Straits Times 17 Aug 08;
Bangkok - Four people have been killed in flooding and landslides in Laos, where the Mekong River has hit its highest level in at least 100 years after several months of unusually heavy rain.
The government and people in the landlocked country have been rushing to complete a 2.5m-high wall of sandbags to stop the chocolate-brown waters from inundating the capital, Vientiane.
The Mekong, which flows 4,350km from the glaciers of Tibet to the rice-rich delta of southern Vietnam, hit 13.68m in Vientiane on Thursday, trouncing a high of 12.38m recorded in 1966, the worst floods in living memory.
In Vientiane, a levee was built along the river's northern bank after the 1966 flooding but has been overrun in places, causing flooding in parts of the city of 200,000, one resident said.

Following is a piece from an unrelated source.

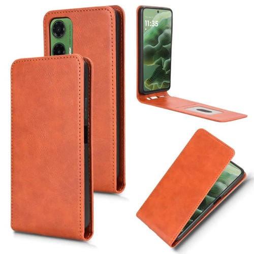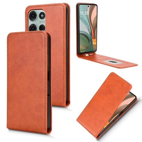 Funda de Cuero con Tapa Vertical Magnética para Motorola Moto G35 5G (Marrón)
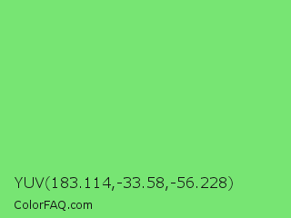 YUV 183.114,-33.58,-56.228 Color is a light green color and the nearest color is Pastel Green #77dd77. Hex code #77e573 and RGB value is rgb(119,229,115). In RGB color space, this color is composed of 47% red, 90% green, 45% blue, In CMYK color space, this color is composed of 48% cyan, 0% magenta, 50% yellow , 10% black , In HSL color space, this color has a hue angle of 118° , 69% saturation and 67% lightness.

There was widespread flooding upstream, although the former royal capital of Luang Prabang escaped any damage to its ancient Buddhist pagodas.
Downstream, eastern Thailand and low-lying Cambodia, where the annual flooding of the Mekong is crucial to rice and fish production, are bracing themselves for major flooding as the water surge moves slowly south.
The high waters will ultimately flow down into Vietnam, where at least 130 people were killed and 36 went missing last week after the worst floods in decades due to the remnants of a tropical storm.